Starting at the line that contains "2022 JCB 520-40", transcribe each line through the end of the material below, exactly and nothing else, leaving out the pictures.

▶ _THE DATA_

= Beginning of Section =

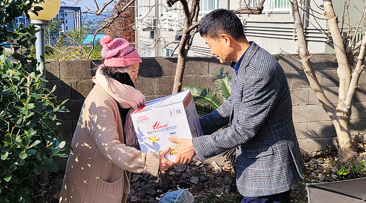 서귀포시 중문동주민센터(동장 김재희)는 지난 29일 갑진년 설을 앞두고 직원들이 십시일반 모은 성금(40만원 상당)으로 마련한 물품 등을 홀로 사는 노인 취약가구 10가구에 전달하며 안부 확인 등에 나섰다.
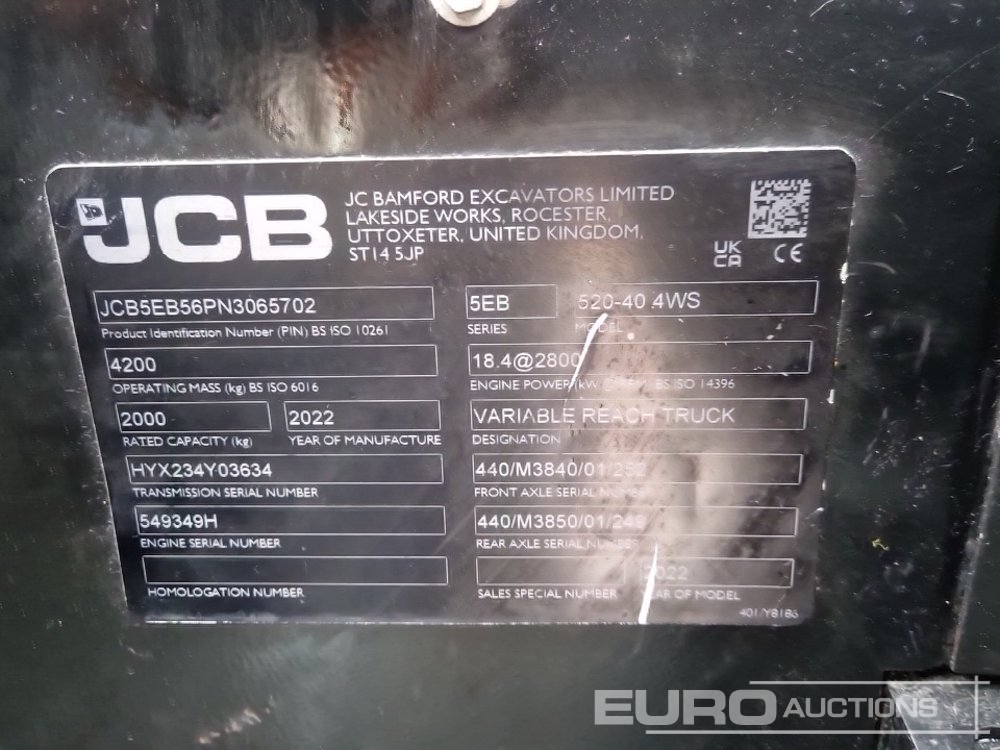 2022 JCB 520-40 Telehandler, WLI, Forks (Meter Reading: 762 Hours) - SB22 VUG - JCB5EB56PN3065702
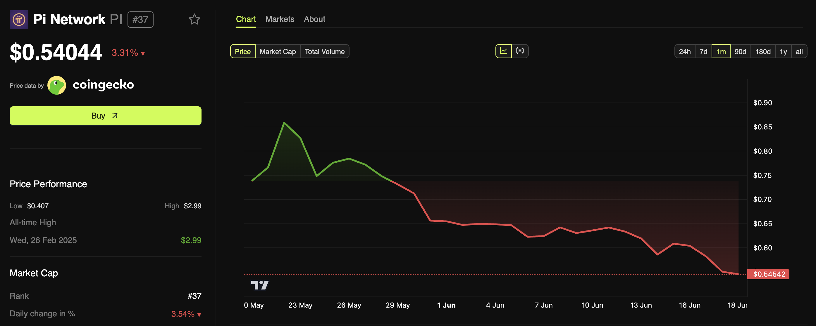 Yozish vaqtida PI narxi $0.54 edi, bu so’nggi kunda 3.3% ga pasaydi. Token tarixiy minimumga yetishdan 32.8% uzoqda.
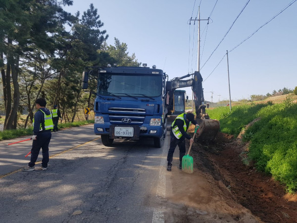 전남 영광군이 오는 5월3일까지 지역내 도로 260km에 대해 여름철 집중호우 대비 도로측구 정비 및 도로노면 퇴적 토사 제거 등의 춘계 도로정비를 일제히 실시한다. 사진은 지난 17일 도로정비를 하고 있는 군청 관계자들의 모습. (사진제공=영광군청)

= End of Section =

▶ _FINAL ANSWER_
 2022 JCB 520-40 Telehandler, WLI, Forks (Meter Reading: 762 Hours) - SB22 VUG - JCB5EB56PN3065702
 Yozish vaqtida PI narxi $0.54 edi, bu so’nggi kunda 3.3% ga pasaydi. Token tarixiy minimumga yetishdan 32.8% uzoqda.
 전남 영광군이 오는 5월3일까지 지역내 도로 260km에 대해 여름철 집중호우 대비 도로측구 정비 및 도로노면 퇴적 토사 제거 등의 춘계 도로정비를 일제히 실시한다. 사진은 지난 17일 도로정비를 하고 있는 군청 관계자들의 모습. (사진제공=영광군청)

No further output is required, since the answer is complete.